We now use yeast instead of bacteria for some things because bacteria will transcribe the introns, leading to messed up proteins. However, we can get around this with complementary DNA (cDNA). Scientists take mRNA after it has been spliced and use reverse transcriptase to make intron-free cDNA.

Cloned animals

To clone an organism, you can take the DNA from a totipotent (stem) cell (2n) and replace an egg's (n) DNA with it. The egg is given a little shock to simulate the force of a sperm hitting the egg so replication and division begins.

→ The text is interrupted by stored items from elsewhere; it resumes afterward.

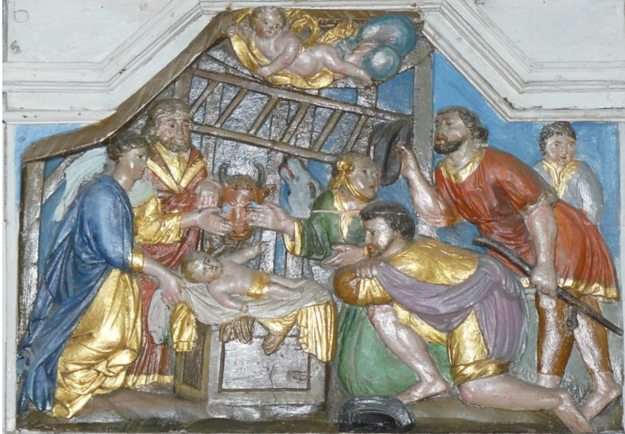
La Nativité - cathédrale de Saint-Pol-de-Léon en Bretagne
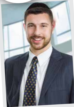
אשפת גרוסקין דין גל ירושלים

סוכן ידוע ממאנסי מספר את הסיפור הבא, הוא היה עד לכל התהליך שנמשך מס' שנים. פוליסה ע"ס 10 מליון דולר ופרמייה חודשית גבוהה של $ 45,000. הרוכשים היו משפחה שלימה שהחליטה לקחת יחד את הפוליסה, מס' חודשים לאחר הרכישה הגיעו לידיהם תוצאות בדיקות רפואיות שלה ושם הם גילו כי הבדיקות טובות יותר מהקודמות וכי תוחלת החיים שלה עלתה. ובקיצור, סיכוי עצום להפסד.
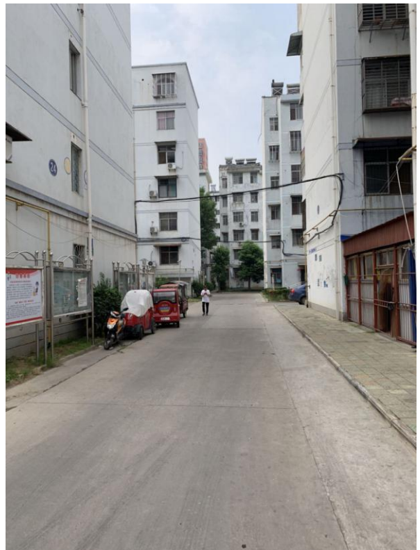
标的所在小区内部环境
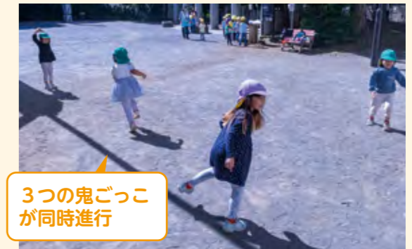
3つの鬼ごっこが同時進行

散歩の出発時や道中で止まってしまう子や、機嫌が悪くなり先頭の保育者に抱っこしてもらおう子がいた。保育者はそれぞれ1対1で対応し、寄り添っていた。子供に寄り添うことは大切であるが1人の子供に注目し過ぎず、保育者同士が声をかけ連携し合いながら全体へ目を配り、安全に散歩ができるようにすることも大切である。
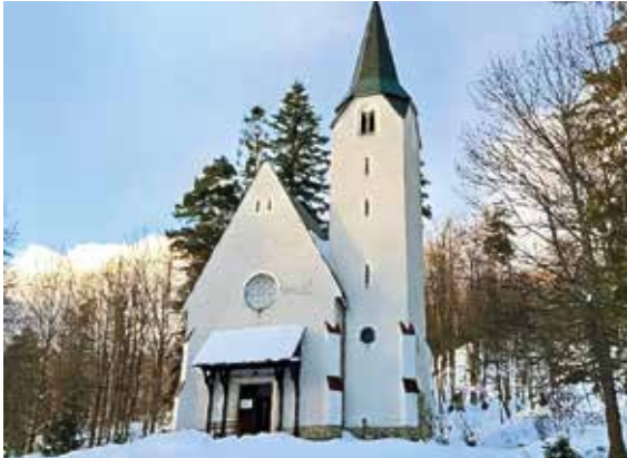
Die evangelische Kirche in Tatralomnitz/Tatranská Lomnica
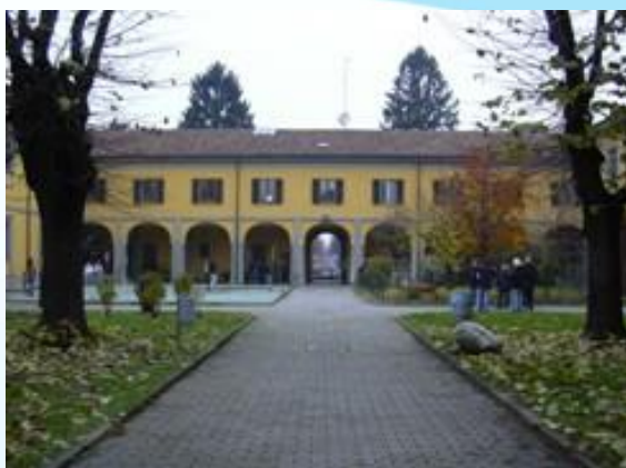
ISTITUTO TECNICO ECONOMICO E LICEO DELLE SCIENZE UMANE CORTILE INTERNO
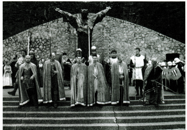
Viteški turnir, 16. rujna 2001.

Događanje i radionice posjetilo je približno 1.500 osoba.
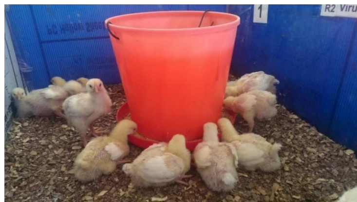
Figura 15. Vigilando su crecimiento constante
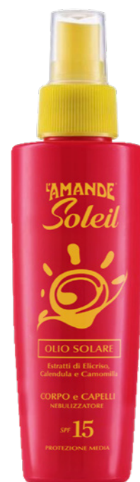
Olio Solare Corpo e Capelli SPF 15 protezione media 125 ml
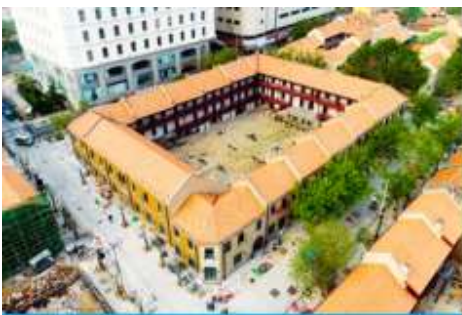
เมืองเก่าเยอรมัน ตรอกกว้างซิงลี่
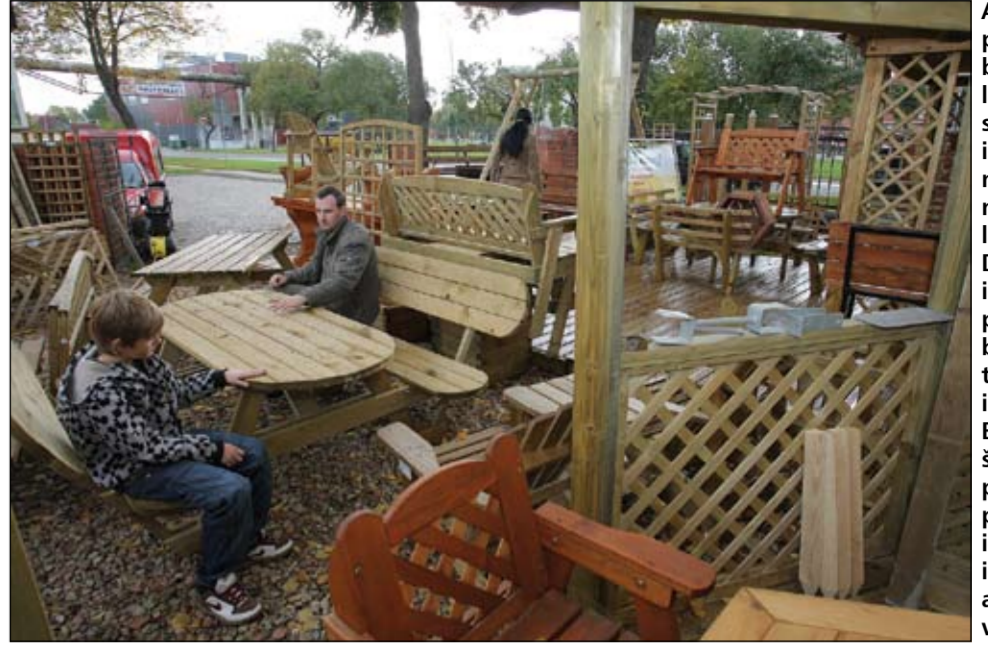
Ar dārza precēm un bērnu rotaļlaukumiem saistīto koka izstrādājumu tirdzniecības laukums Dobeles ielā prasās pēc uzlabošanas, tomēr ideja interesanta. Būtišķi, ka šeit piedāvātu pašu ražoto produkciju, iespējams iegādāties arī sagataves.

rency isti nedarbojas. Varbūt vajoktas izmaiņas tirdzniecības struktūrā, mazajiem veikalniem pirms lielveikalu ienākšanas tiesām bija savas tradīcijas un citādāka pieeja pircējam. Lielie «iziet» uz apgrozījumu, uz tā rēķina kaut kam cenu var atļauties samazināt, kaut kam palielināt, bet visam pa vidu prātā paturot savu peļņu.
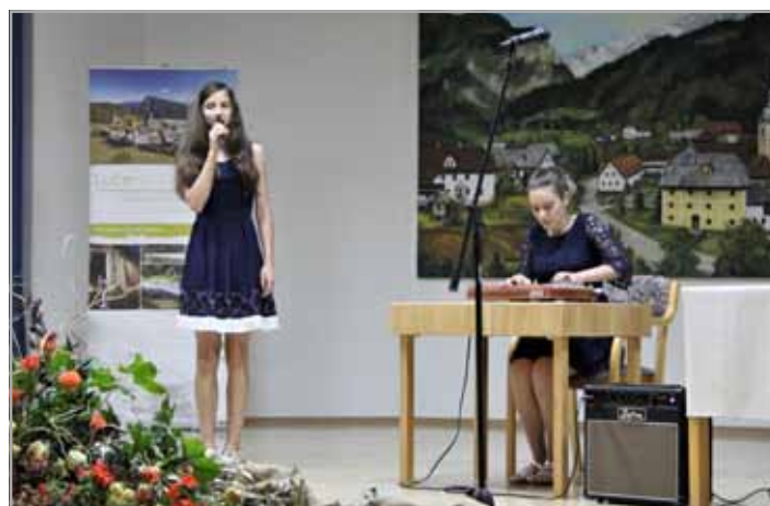
Spremljevalni kulturni program je bil domislj preplet glasbe, petja in pripovedi

Župan Občine Luče je na otvoritveni slovesnosti podpisal tudi Zeleno politiko, glavni pristopni dokument k projektu Zelene sheme slovenskega turizma. V dneh festivala pa so bile v naši občini organizirane še druge dejavnosti; predavanje o raziskovanju podzemeljskega sveta v Kamniško-Savinjskih Alpah, dan odprtih vrat v rokodelski etno vasici ter Kresna noč.
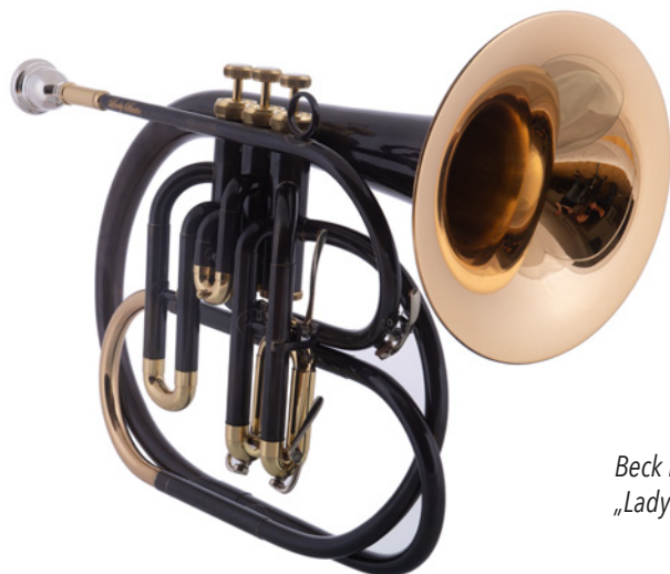
Beck Masterpiece Basstrompete „Lady Berta“

„Emil“, genauso mit einer 13mm Maschine versehen, leistet 3-ventilig, mit einem Trigger ausgestattet, der Lady Gesellschaft.
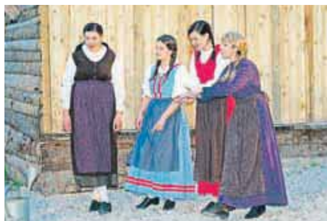
Prizor s privoščljivimi dekleti

Dražgoše – Igralska zasedba Kulturno-umetniškega društva Dražgoše (KUD) je v zadnjem mesecu navduševala z novo, že četrto predstavo na prostem. V gledališče Za plotom so umestili igro Krivoprisežnik avstrijskega avtorja Ludwiga Anzengruberja. Gre za več kot sto let staro narodno igro s petjem v treh dejanjih, zgodba pa se vrti okoli gospodarja bogate domačije, ki na podlagi krive prisege podeduje premoženje. Enaindvajset igralcev je igralo v narečju, saj je tako stik s publiko bolj domač in pristen. Žal so pri četrti igri imeli precej smole z vremenom. Uprizoritvi jim je uspelo pet predstav, ki si jih je skupaj ogledalo približno tisoč gledalcev. Štiri predstave so morali odpovedati, eno pa
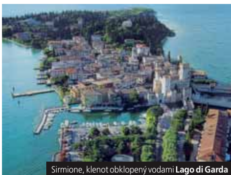
Sirmione, klenot obklopený vodami Lago di Garda
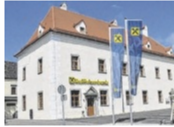
Auch die Raiba-Bankstelle in Windhaag ist betroffen.

Dolly the cloned sheep had issues and died young because she had “old DNA.” She had arthritis and other diseases associated with elderly sheep.

Cloned animals do not always look and behave the same as their “parent.” For example:

• Identical twins have different personalities

• Chance the bull was a very friendly bull, but his clone was not

• Cloned Calico cats will have different patterns. This is because of the different arrangement of Barr Bodies, which X chromosome is crumpled?

Transgenic animals are animals who have been given DNA from other organisms. They can produce large amounts of otherwise rare substances. These substances, often proteins, get added to the animals milk, and these animals can be milked to get this protein.